Iterate j from 1..m-1 for the first row: if cell is open and previous is 1, set to 1; else 0. Do the same for i in the first column. Visualize this sweep in a table, aided by the learning tools page.

4) Fill the Rest of the Table

For each cell starting at (1,1), if blocked set 0, else sum top and left. Keep narration concise, similar to a mock interview routine.

5) Validate With Small Grids

Test 2x2, 3x3 with an obstacle at (0,1) or (1,0). Draw the table to ensure seeds zero out properly.

Visualizable Example: Unique Paths With Obstacles

ts
function uniquePathsWithObstacles(grid: number[][]): number {
  const rows = grid.length;
  const cols = grid[0].length;
  const dp = Array.from({ length: rows }, () => Array(cols).fill(0));

  if (grid[0][0] === 1) return 0;
  dp[0][0] = 1;

  for (let j = 1; j < cols; j++) {
    dp[0][j] = grid[0][j] === 0 && dp[0][j - 1] === 1 ? 1 : 0;
  }

  for (let i = 1; i < rows; i++) {
    dp[i][0] = grid[i][0] === 0 && dp[i - 1][0] === 1 ? 1 : 0;
  }

  for (let i = 1; i < rows; i++) {
    for (let j = 1; j < cols; j++) {
      if (grid[i][j] === 0) {
        dp[i][j] = dp[i - 1][j] + dp[i][j - 1];
      }
    }
  }

  return dp[rows - 1][cols - 1];
}

Notice how the first row/column stop propagating once an obstacle appears; every downstream cell stays 0.
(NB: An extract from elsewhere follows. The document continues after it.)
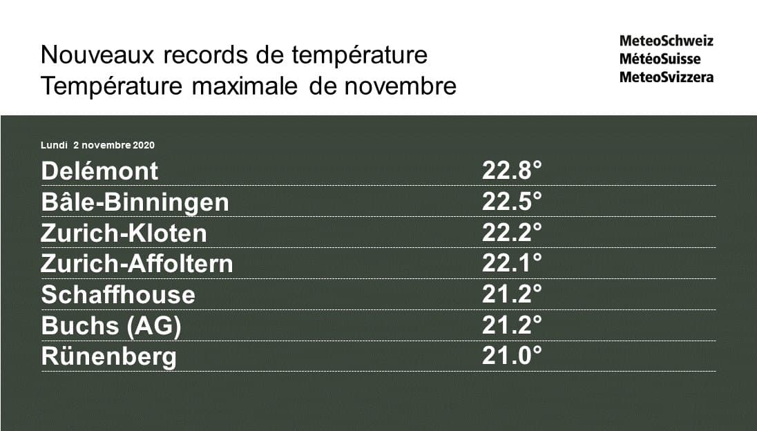 Records de chaleur pour un mois de Novembre en Suisse le 2 Novembre - Météo-Suisse

Practical Preparation Strategies

Hand-Draw Tables

Sketch 4x4 grids with varying obstacles. Filling them by hand cements the seeding rules faster than code alone.

Alternate Orientations

Try row-major then column-major fills. Explaining the choice is interview gold and parallels the AI prep primer.

Add Minimum-Cost Variants

Replace sums with min(top, left) + cost[i][j]. The seeding logic is identical, reinforcing that base cases transcend problem flavor.

Invite Light Guidance

Tools like LeetCopilot can highlight when your seeds ignore an early obstacle, nudging you before you waste time on wrong recurrences.

Common Mistakes to Avoid

Forgetting the Starting Cell Can Be Blocked

Always check grid[0][0]; returning 0 early avoids incorrect tables.
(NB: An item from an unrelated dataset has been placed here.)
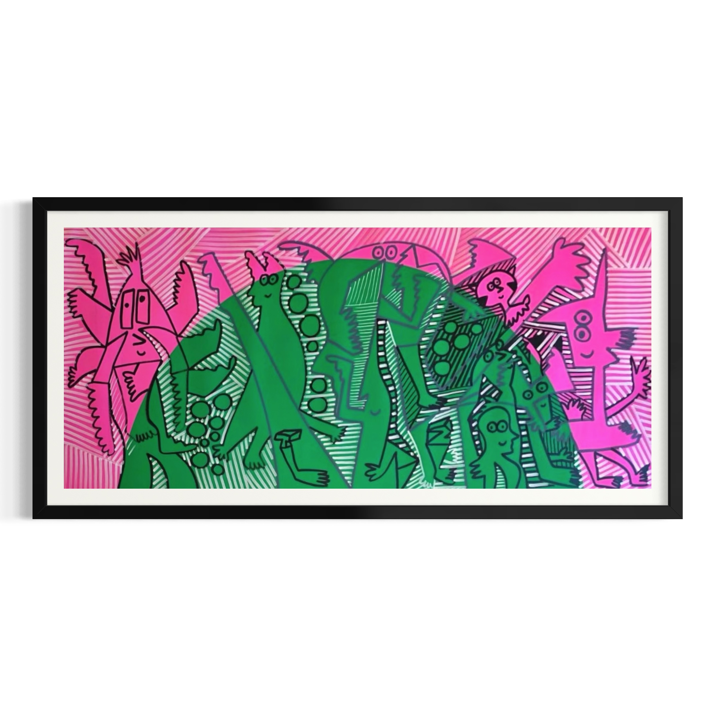 En esta pintura, Zamudio desarrolla una escena vibrante donde los contrastes entre rosados intensos y verdes profundos construyen una composición llena de ritmo y energía visual. Las figuras y formas gráficas características del artista aparecen entrelazadas, generando múltiples lecturas dentro de la obra y una fuerte presencia estética.

Continuing Ones After an Obstacle

Once you hit a block in the first row/column, all cells beyond stay 0.

Mixing Indices

Be consistent with dp[i][j] meaning row i, column j. Mismatched indices cause diagonal-like errors.

Leaving Default Ones

If you initialize dp with ones, obstacles won't zero correctly. Start with zeros and seed intentionally.

FAQ

How do I know my base cases are right?

Check the first row/column after seeding; they should reflect obstacles accurately before filling the rest.
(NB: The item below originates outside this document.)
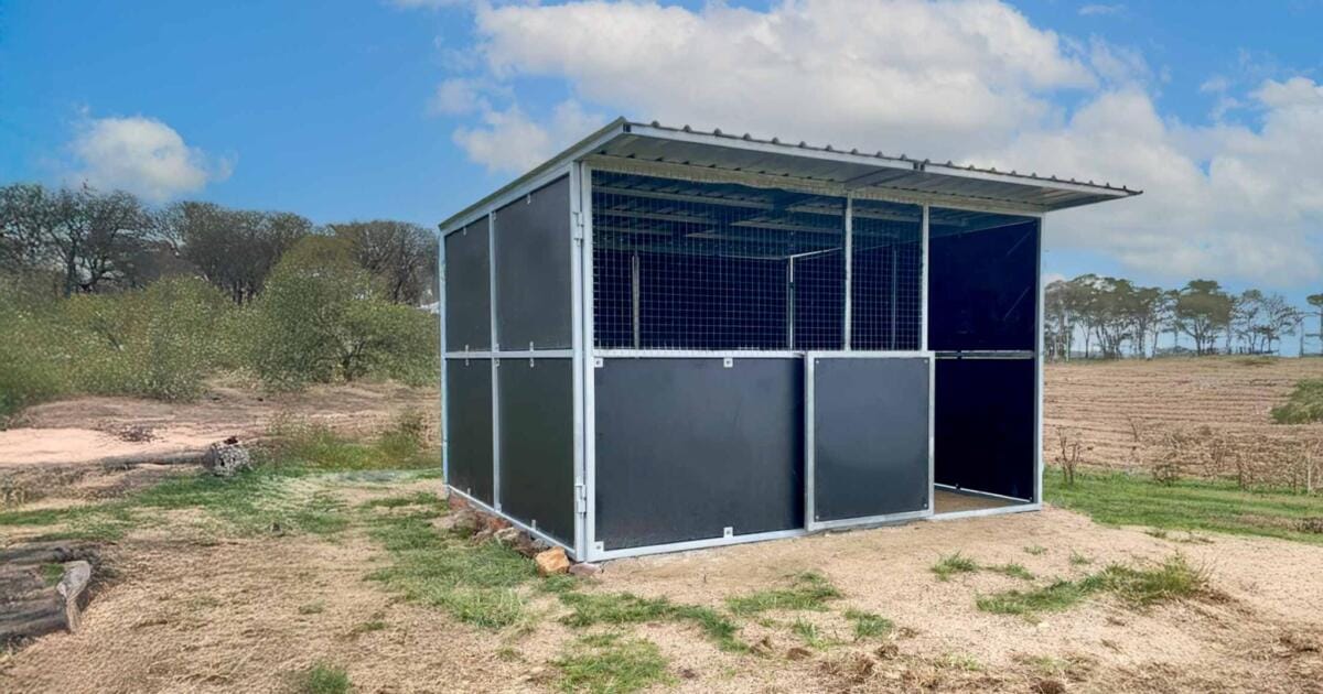 A DIY-friendly 4m x 4m horse stable with full ply rear and sides and ply/mesh combo front. Australian prefab 50mm RHS steel tube frame. Designed for wet weather paddock shelter.

What should I practice before grid DP?

Get comfortable with 2D arrays and simpler 1D DP like climbing stairs.

Is grid DP important for interviews?

Yes—it's common for paths, costs, and counting questions, and base-case clarity is often probed.

Can I switch to 1D rolling arrays?

Yes, but only after your base cases are correct; the first row/column logic still applies.

Conclusion

Nailing DP base cases on grids prevents cascading errors and shows interviewers you think from first principles. Seed the start carefully, zero after obstacles, and your recurrences will finally produce the answers you expect.